**Required action:**
Below are lines of data; restate word for word those running from the line containing "釉上根雕徐雪勇作品《金猴獻(xiàn)瑞" to the line containing "现代几何建筑装饰设计的扁平插画", inclusive, and no others.

**Task data:**
--

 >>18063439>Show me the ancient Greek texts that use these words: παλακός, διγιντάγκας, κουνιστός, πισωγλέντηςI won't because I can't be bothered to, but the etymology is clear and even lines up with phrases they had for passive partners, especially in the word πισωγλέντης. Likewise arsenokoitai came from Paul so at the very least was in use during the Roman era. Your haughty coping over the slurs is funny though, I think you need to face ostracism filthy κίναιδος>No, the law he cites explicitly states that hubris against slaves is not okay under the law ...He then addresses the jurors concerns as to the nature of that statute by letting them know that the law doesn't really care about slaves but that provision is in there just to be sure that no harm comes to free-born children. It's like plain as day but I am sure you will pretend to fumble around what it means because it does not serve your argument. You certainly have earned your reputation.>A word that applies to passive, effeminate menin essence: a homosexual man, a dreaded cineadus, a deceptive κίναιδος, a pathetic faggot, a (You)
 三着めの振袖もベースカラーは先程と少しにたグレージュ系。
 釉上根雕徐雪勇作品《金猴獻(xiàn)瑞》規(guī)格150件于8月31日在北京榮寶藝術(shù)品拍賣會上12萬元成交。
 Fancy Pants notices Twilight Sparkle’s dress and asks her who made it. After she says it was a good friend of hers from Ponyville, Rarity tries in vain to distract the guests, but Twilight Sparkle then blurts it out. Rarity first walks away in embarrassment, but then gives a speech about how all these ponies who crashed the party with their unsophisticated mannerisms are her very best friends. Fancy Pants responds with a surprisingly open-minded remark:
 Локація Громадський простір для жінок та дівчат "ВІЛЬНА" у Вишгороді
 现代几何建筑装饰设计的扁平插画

--

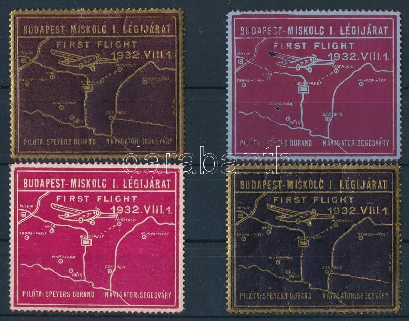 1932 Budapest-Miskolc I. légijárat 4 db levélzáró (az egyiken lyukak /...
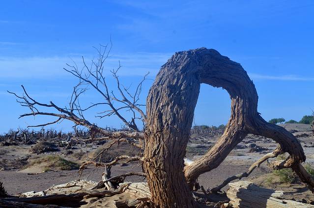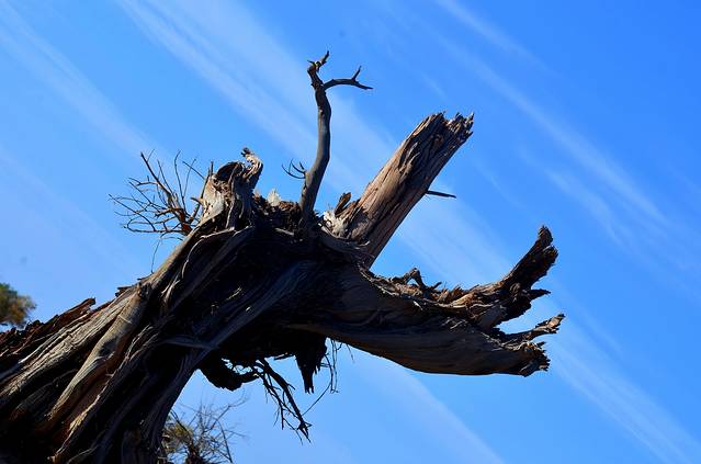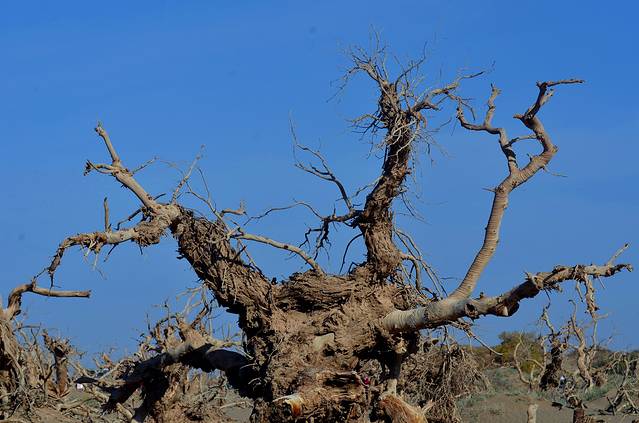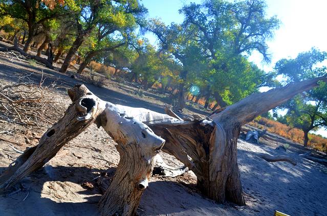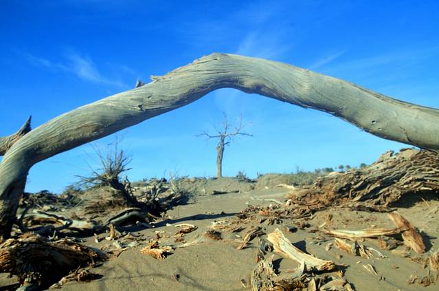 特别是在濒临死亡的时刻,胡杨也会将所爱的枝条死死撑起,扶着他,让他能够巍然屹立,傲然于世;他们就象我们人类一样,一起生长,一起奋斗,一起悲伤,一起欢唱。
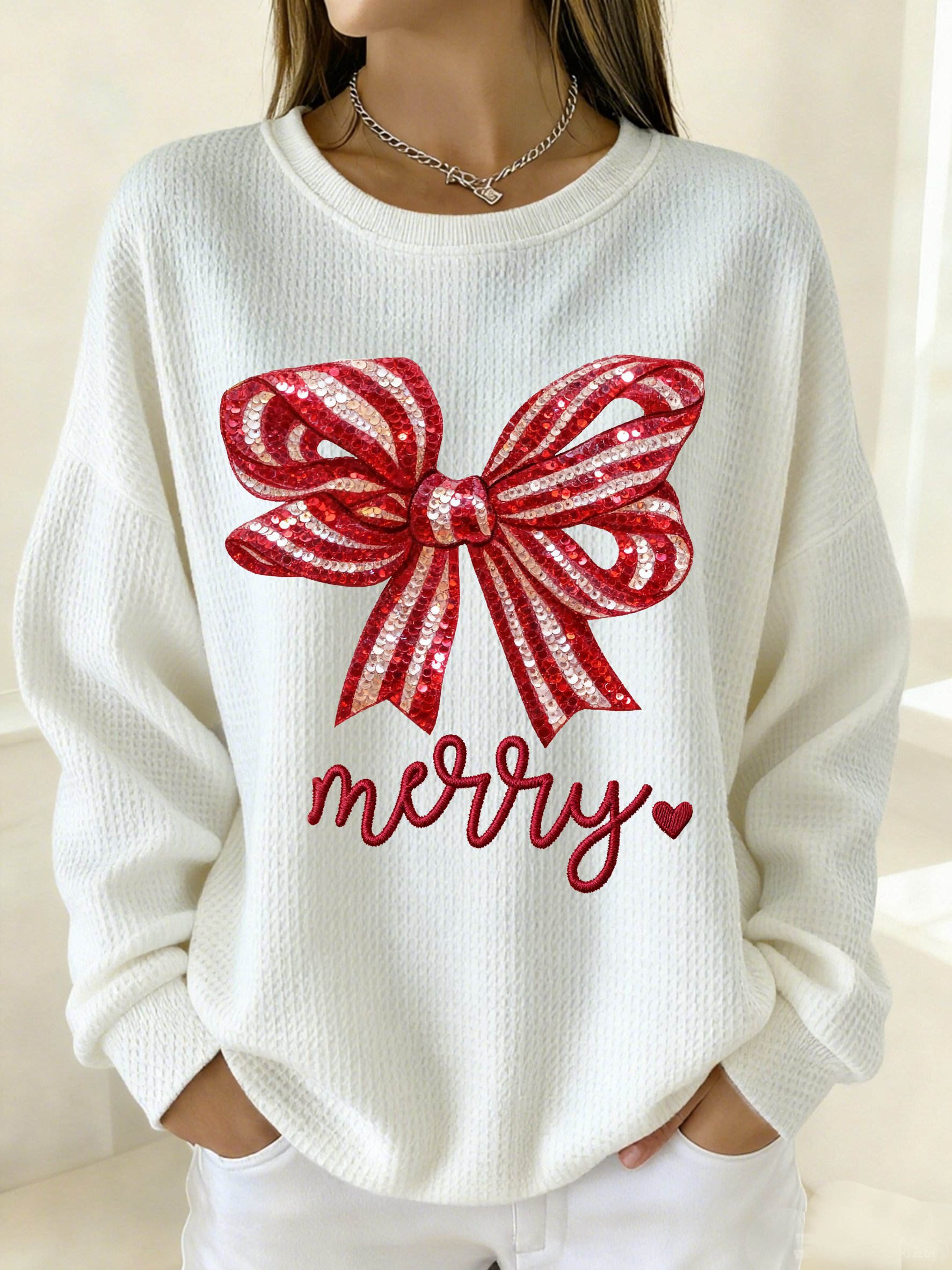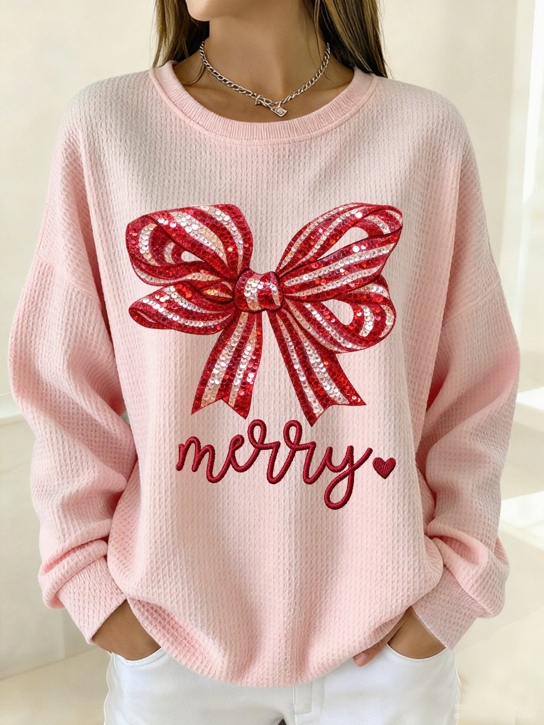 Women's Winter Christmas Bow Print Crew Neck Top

--

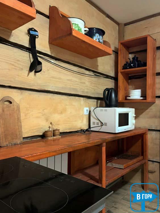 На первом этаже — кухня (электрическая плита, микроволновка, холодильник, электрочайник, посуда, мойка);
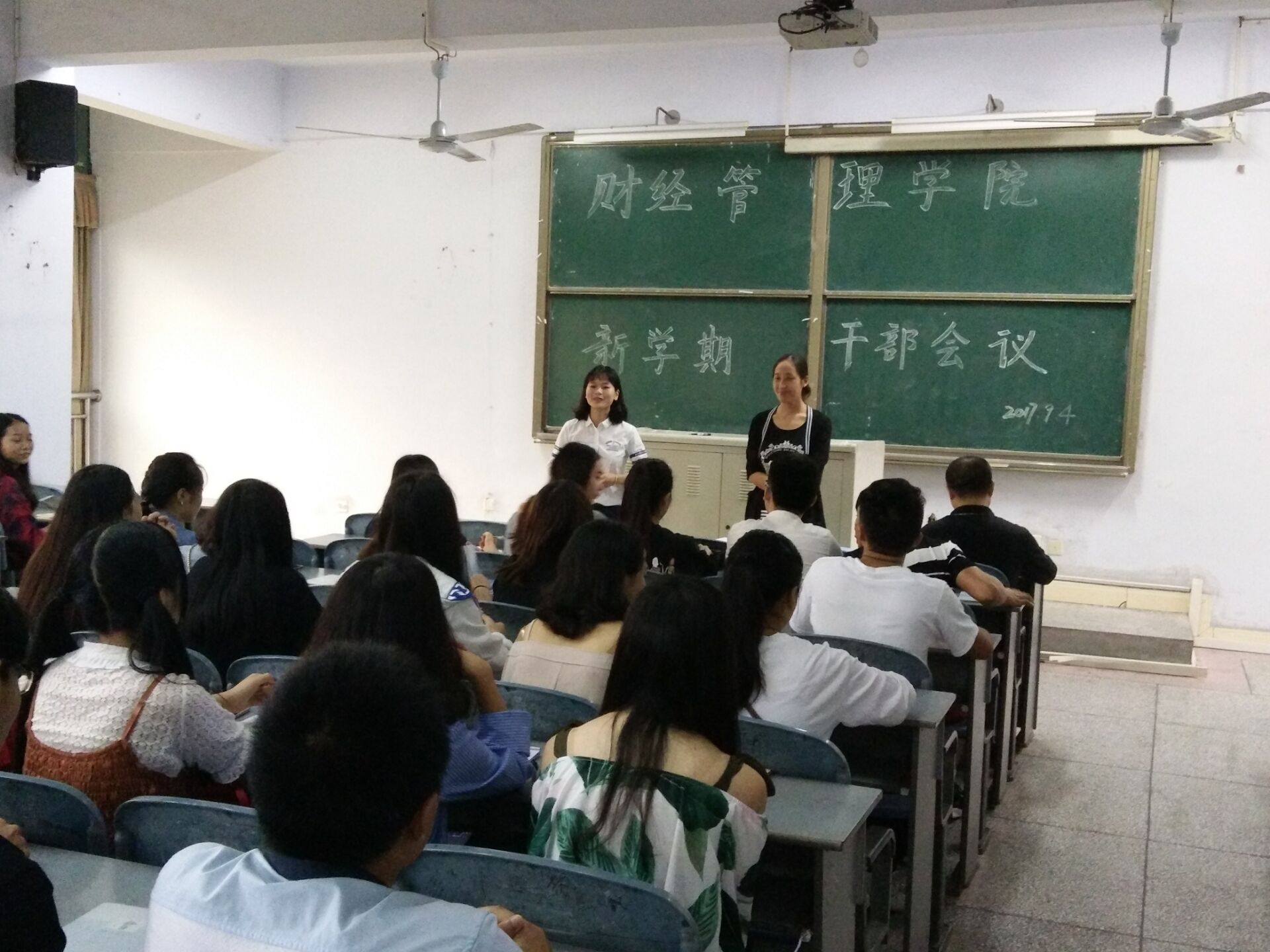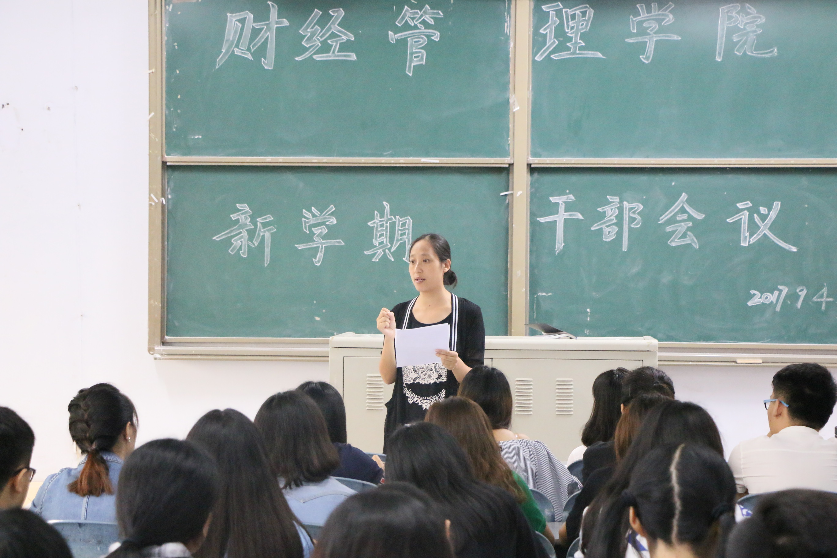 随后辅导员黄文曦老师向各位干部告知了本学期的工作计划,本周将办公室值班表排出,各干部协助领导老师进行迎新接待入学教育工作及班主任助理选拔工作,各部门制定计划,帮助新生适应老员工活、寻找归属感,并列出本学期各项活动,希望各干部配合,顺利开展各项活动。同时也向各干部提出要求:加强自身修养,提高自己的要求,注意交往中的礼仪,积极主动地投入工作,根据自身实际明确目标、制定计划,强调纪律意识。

--

**Exercise answer:**
 釉上根雕徐雪勇作品《金猴獻(xiàn)瑞》規(guī)格150件于8月31日在北京榮寶藝術(shù)品拍賣會上12萬元成交。
 Fancy Pants notices Twilight Sparkle’s dress and asks her who made it. After she says it was a good friend of hers from Ponyville, Rarity tries in vain to distract the guests, but Twilight Sparkle then blurts it out. Rarity first walks away in embarrassment, but then gives a speech about how all these ponies who crashed the party with their unsophisticated mannerisms are her very best friends. Fancy Pants responds with a surprisingly open-minded remark:
 Локація Громадський простір для жінок та дівчат "ВІЛЬНА" у Вишгороді
 现代几何建筑装饰设计的扁平插画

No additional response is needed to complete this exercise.